Back in 2011, Andrew Wilson wrote a piece in opendemocracy about political technology in Russia.

"Political technology" – a term largely unfamiliar in the West - is the euphemism commonly used in the former Soviet states for what is by now a highly developed industry of political manipulation. There is a general understanding that elections are fixed in most countries of the region, from Russia to Kyrgyzstan, but we still do not look closely enough at just how they are fixed.

Although Wilson's piece mainly concerns Russian politics with it's more ruthless and almost openly fraudulent manipulation of political power, there are wider implications too.

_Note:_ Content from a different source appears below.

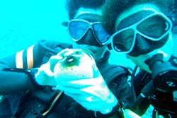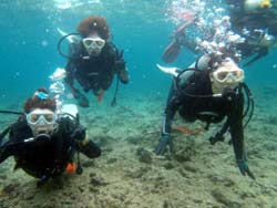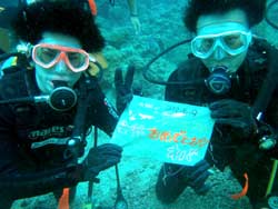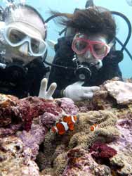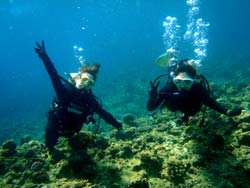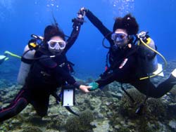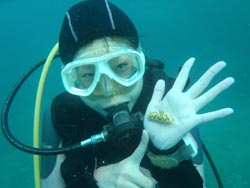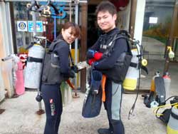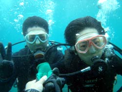 まいど〜ひろあきです^−^今日は砂辺で体験ダイビングを担当しました☆遊びに来てくれたのはファンダイブで遊びに来てくれている加藤さんのお友達でたけちゃんとハルちゃんです!!2人とも初めてのダイビングでしたがとっても上手!!ニモを見たりやわらかサンゴを触ってもらったり大量の魚に撒かれたり・・・^−^水中世界を満喫してもらえました☆ ハルちゃん:今日は楽しい体験をさせていただいて、ありがとうございました。始めの方は上手くいかず戸惑ってばかりでしたが、ゆっくり丁寧に教えてもらえました。いい思い出ができました。 タケちゃん:初のダイビング経験でしたが、楽しい時間を過ごせました。インストラクターのヒロ君もとても優しく接して頂き、ありがとうございました。是非、またダイビングをやってみたいと思います。一発芸、最高でした!! |

As a term to describe the activities of modern political fixers, "political technology" is also useful here in the UK and EU. Here, political control also has its purely technical aspect. Maintaining the power of unelected stakeholders has become an apolitical matter of manipulating human behaviour rather than promoting an ideology.

From the above link.

One advantage of political technology is that it is ‘dry’. It helps regimes function without ideology, and move from one option to another. Ivan Krastev claims that authoritarian regimes may actually be more stable without an official ideology, which gives oppositions something to mobilise against.

Political technology may have an inbuilt tendency towards drama inflation, or at least towards inventing a new drama for every election, which is likely to be destabilising in the long run. The electorate can sense a lack of competition, and political technologists constantly have to fight against the declining turnout they themselves have caused – either with more drama or more fraud. 

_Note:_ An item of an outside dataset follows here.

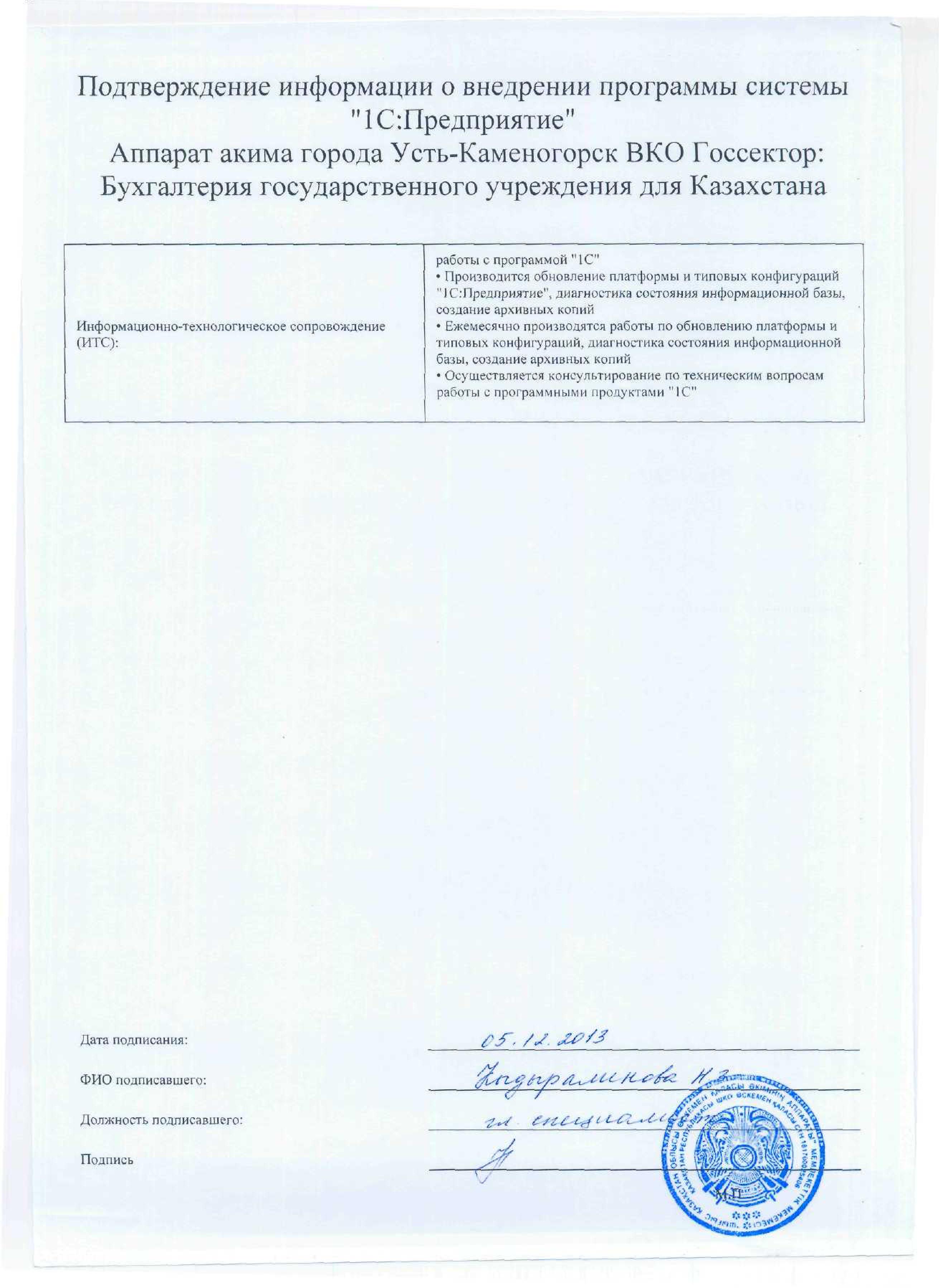 - Оформлен платный договор 1С:ИТС

It seems to me that Tony Blair was our first exponent of "dry" political technology here in the UK. He created the first government with no ideology and no interest in governing democratically. Not that UK democracy has ever been strong or effective - and that of course may have been the vacuum into which Blair's political technology was bound to exploit.

UK and EU political technology is undoubtedly softer than the Russian version in that it is more covert and less reliant of crudely fraudulent techniques such as vote-rigging, although that too has become an issue of concern. Postal vote scams have now become somewhat notorious in the UK.

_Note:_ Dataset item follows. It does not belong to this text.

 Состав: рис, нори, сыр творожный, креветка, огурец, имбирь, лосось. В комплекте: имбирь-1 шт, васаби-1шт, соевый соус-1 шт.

Postal voting is open to fraud on an "industrial scale" and is "unviable" in its current form, a top judge has said.

Richard Mawrey QC, who tries cases of electoral fraud, told the BBC that people should not be able to apply for postal votes as a matter of course.

But the Electoral Commission said it would not be "proportionate" to end postal voting altogether.

The government also said it had no plans to abolish the current system, saying it had made it easier for many people to vote.

Yet as regimes become apolitical and as they base their power on political technology rather than ideology, then perhaps electoral fraud becomes politically unimportant. After all, we are now perfectly familiar with major league vote-rigging by or on behalf of the EU. From the BBC.

When it comes to rejecting European treaties, Ireland has a long track record.

Both the Nice Treaty (2001) and Lisbon Treaty (2008) referendums were lost, forcing the governments of the day into the embarrassing position of having to re-run the votes to get them passed.

This is political technology in action, but usually it isn't so transparently fraudulent. Usually, political technology here in the UK and EU seems to revolve around narratives and what Wilson calls dramaturgiia, or a fake drama designed by political technologists to manipulate popular sentiment

Often, as in Russia, the drama seems designed to create a dichotomy between the devil you know and the devil you don't, insinuating a sense of unease about the prospect of change.

Next year's general election should be interesting. Watch out for the political technology. If you are a mainstream voter, your party will make energetic use of it.